Exercise objective:
For the listing that follows, give again exactly the lines from the one with "图为嘎拉边境检查站民警奋战在抗疫一线" to the one with "1.(筒子楼外)点击门外的背包,获得【充电宝】,查看背包上的贴纸", including both.

Material shown:
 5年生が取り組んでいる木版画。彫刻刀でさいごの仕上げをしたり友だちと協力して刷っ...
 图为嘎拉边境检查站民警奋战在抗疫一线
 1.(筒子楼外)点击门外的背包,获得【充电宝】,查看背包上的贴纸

* * *

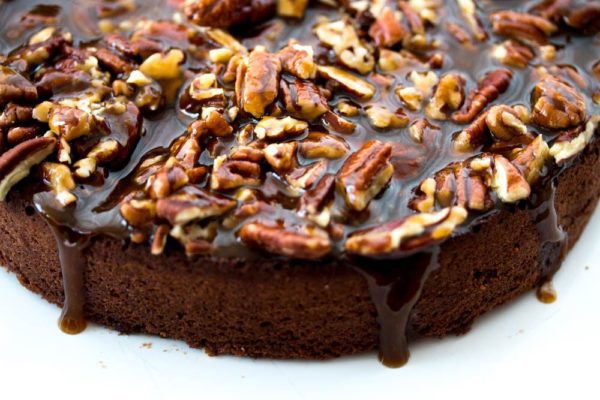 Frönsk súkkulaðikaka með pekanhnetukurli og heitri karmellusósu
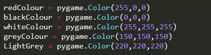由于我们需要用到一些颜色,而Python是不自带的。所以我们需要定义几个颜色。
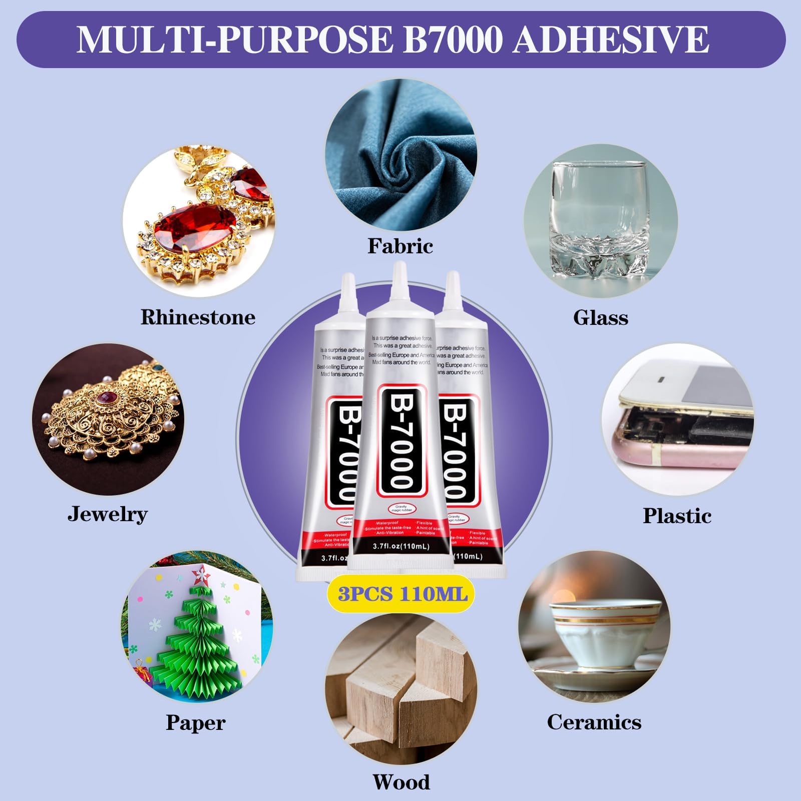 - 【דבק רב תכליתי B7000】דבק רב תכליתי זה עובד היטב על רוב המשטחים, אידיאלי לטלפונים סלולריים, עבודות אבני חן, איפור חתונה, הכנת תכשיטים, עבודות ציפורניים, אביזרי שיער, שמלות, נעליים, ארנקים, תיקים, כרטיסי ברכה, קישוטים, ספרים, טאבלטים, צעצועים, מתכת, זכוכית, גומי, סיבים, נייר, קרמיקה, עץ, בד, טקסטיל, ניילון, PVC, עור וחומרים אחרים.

...

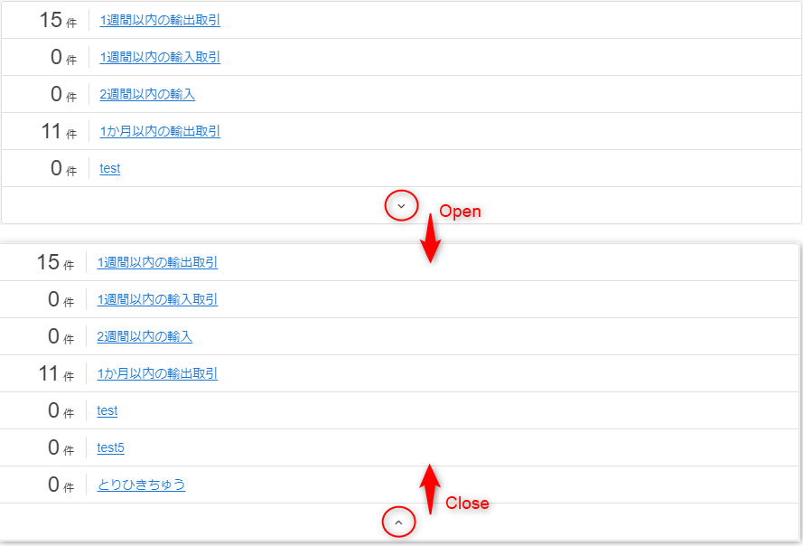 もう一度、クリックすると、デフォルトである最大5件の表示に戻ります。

Written answer:
 图为嘎拉边境检查站民警奋战在抗疫一线
 1.(筒子楼外)点击门外的背包,获得【充电宝】,查看背包上的贴纸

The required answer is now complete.